Provided material ->
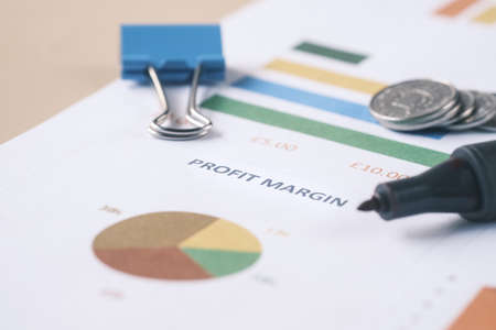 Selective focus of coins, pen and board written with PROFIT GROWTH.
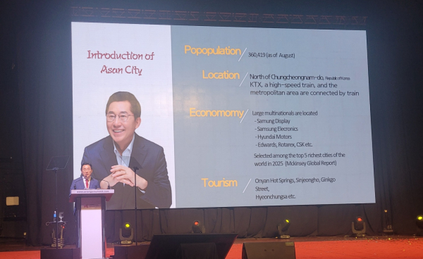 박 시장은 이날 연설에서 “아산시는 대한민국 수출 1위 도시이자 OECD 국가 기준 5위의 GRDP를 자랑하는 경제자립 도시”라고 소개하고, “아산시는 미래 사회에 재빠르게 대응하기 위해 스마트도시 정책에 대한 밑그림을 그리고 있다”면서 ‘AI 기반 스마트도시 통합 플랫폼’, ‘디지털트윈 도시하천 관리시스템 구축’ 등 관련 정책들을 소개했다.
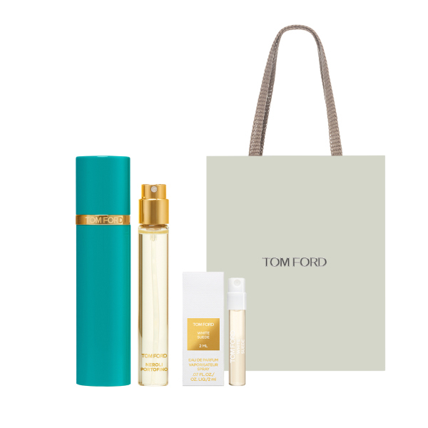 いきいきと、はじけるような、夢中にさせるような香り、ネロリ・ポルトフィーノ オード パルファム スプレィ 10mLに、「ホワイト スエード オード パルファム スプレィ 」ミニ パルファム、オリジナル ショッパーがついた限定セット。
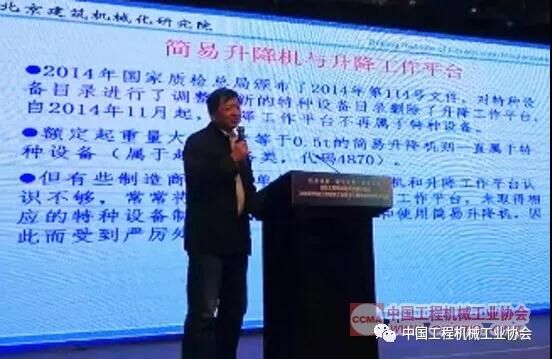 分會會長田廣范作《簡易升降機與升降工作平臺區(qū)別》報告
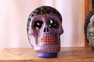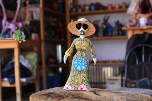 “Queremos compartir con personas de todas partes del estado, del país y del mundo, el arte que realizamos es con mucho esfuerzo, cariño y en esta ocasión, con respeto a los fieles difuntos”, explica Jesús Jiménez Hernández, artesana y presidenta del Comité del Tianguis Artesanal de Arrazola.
==
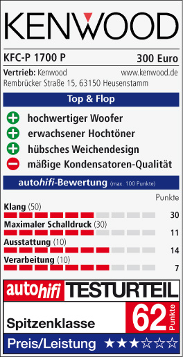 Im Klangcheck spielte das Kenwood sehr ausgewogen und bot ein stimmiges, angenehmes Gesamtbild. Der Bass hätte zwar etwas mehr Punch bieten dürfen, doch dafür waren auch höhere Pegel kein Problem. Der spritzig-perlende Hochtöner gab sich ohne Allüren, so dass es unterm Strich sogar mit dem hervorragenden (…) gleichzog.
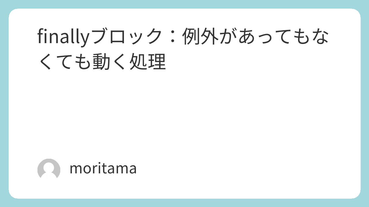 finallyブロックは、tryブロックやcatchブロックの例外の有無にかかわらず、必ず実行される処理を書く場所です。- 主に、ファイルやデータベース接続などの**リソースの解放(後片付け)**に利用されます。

Your assignment -> Everything between and including the line above containing "Im Klangcheck spielte" and the line containing "finallyブロックは、t" should be reproduced exactly, with pictures excluded.

Result of this task ->
 Im Klangcheck spielte das Kenwood sehr ausgewogen und bot ein stimmiges, angenehmes Gesamtbild. Der Bass hätte zwar etwas mehr Punch bieten dürfen, doch dafür waren auch höhere Pegel kein Problem. Der spritzig-perlende Hochtöner gab sich ohne Allüren, so dass es unterm Strich sogar mit dem hervorragenden (…) gleichzog.
 finallyブロックは、tryブロックやcatchブロックの例外の有無にかかわらず、必ず実行される処理を書く場所です。- 主に、ファイルやデータベース接続などの**リソースの解放(後片付け)**に利用されます。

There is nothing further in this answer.